Restate word for word the entries below, starting at the line with "TEMA 1. DERECHOS" and ending at the line with "ここで一旦メンバーがステージ". Keep both end lines and omit the pictures.

§ **Available records**:
——

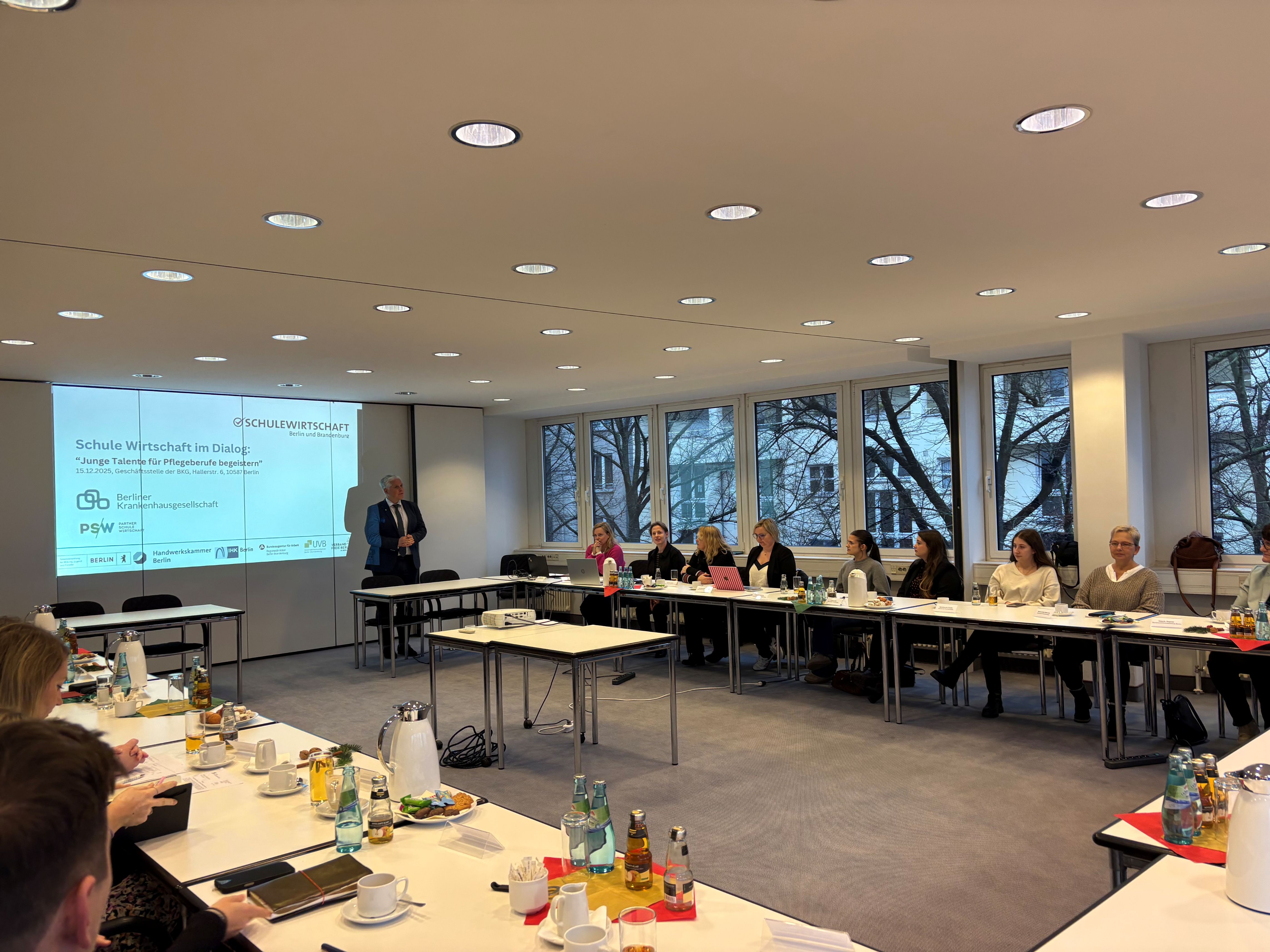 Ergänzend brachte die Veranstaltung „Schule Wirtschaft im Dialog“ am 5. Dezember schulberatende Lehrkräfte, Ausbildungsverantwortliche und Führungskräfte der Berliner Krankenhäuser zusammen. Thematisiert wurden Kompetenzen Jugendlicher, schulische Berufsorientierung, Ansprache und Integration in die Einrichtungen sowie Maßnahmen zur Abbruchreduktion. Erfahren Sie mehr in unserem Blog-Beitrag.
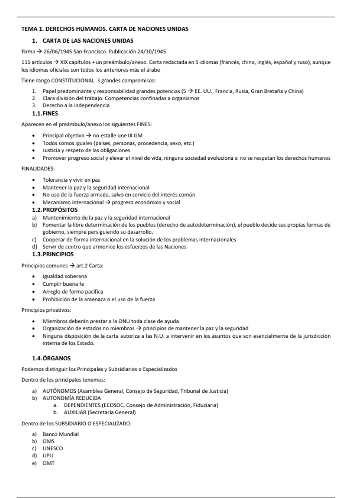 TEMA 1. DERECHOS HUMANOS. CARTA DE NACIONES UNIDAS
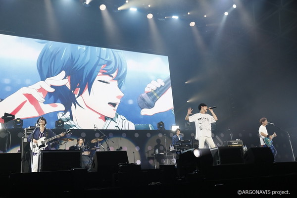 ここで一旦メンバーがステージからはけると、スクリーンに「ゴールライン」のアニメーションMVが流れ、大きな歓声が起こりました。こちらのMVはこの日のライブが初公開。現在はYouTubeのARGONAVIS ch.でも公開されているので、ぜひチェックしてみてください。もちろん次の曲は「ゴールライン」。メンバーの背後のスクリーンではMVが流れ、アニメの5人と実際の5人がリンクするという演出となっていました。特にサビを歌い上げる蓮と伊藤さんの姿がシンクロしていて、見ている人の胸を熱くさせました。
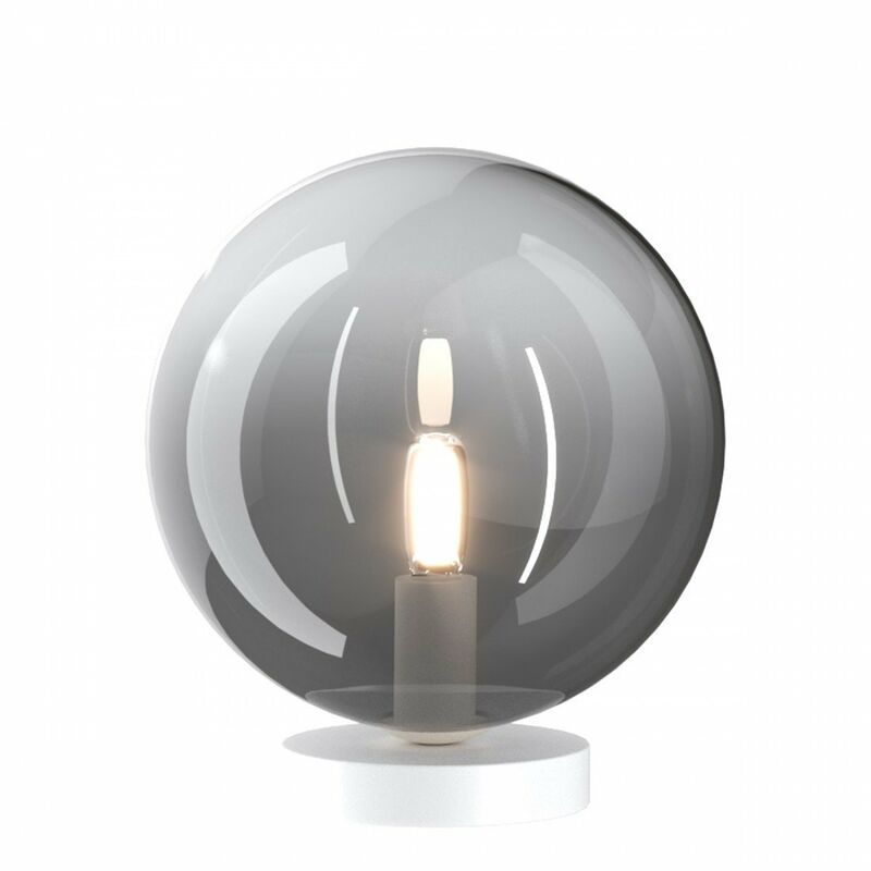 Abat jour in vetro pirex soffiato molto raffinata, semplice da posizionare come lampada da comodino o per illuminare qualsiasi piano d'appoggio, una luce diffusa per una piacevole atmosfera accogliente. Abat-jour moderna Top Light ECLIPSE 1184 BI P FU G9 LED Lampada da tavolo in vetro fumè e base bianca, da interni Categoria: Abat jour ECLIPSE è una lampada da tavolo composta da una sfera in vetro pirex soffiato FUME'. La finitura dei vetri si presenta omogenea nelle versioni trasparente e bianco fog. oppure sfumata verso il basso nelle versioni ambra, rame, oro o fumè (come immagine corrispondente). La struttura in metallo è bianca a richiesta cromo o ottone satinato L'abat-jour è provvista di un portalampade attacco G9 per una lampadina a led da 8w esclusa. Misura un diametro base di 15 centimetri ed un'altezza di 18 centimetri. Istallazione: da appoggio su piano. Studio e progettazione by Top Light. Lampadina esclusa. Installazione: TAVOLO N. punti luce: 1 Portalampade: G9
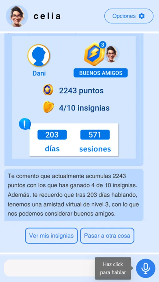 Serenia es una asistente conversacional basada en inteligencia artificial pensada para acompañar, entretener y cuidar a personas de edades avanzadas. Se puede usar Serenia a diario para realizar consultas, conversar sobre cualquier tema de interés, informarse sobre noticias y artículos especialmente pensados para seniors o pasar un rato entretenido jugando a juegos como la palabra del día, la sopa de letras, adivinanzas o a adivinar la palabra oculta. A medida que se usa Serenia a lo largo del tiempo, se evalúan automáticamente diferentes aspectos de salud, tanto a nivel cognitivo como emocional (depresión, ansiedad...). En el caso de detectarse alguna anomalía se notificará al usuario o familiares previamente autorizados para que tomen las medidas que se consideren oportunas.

——

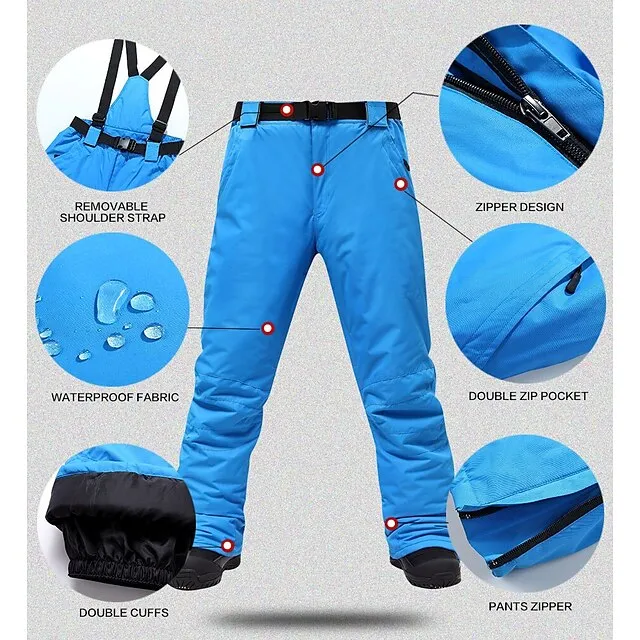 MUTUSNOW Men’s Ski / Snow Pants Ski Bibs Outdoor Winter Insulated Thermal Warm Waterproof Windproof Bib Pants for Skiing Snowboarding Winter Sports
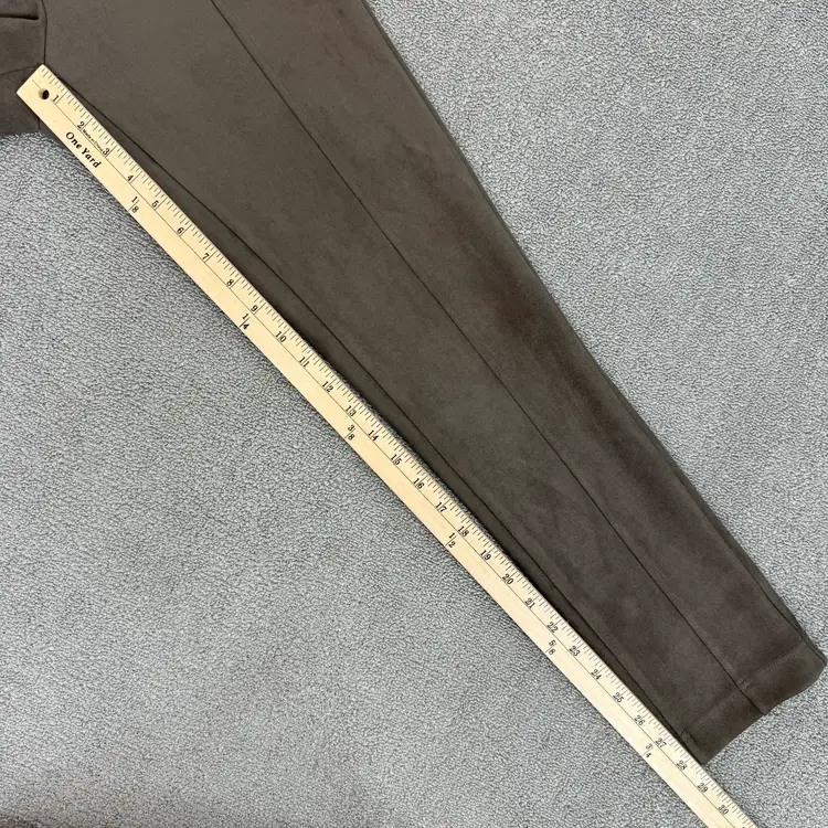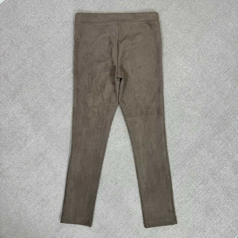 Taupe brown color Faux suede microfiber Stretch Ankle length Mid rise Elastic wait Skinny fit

——

§ **Output for this exercise**:
 TEMA 1. DERECHOS HUMANOS. CARTA DE NACIONES UNIDAS
 ここで一旦メンバーがステージからはけると、スクリーンに「ゴールライン」のアニメーションMVが流れ、大きな歓声が起こりました。こちらのMVはこの日のライブが初公開。現在はYouTubeのARGONAVIS ch.でも公開されているので、ぜひチェックしてみてください。もちろん次の曲は「ゴールライン」。メンバーの背後のスクリーンではMVが流れ、アニメの5人と実際の5人がリンクするという演出となっていました。特にサビを歌い上げる蓮と伊藤さんの姿がシンクロしていて、見ている人の胸を熱くさせました。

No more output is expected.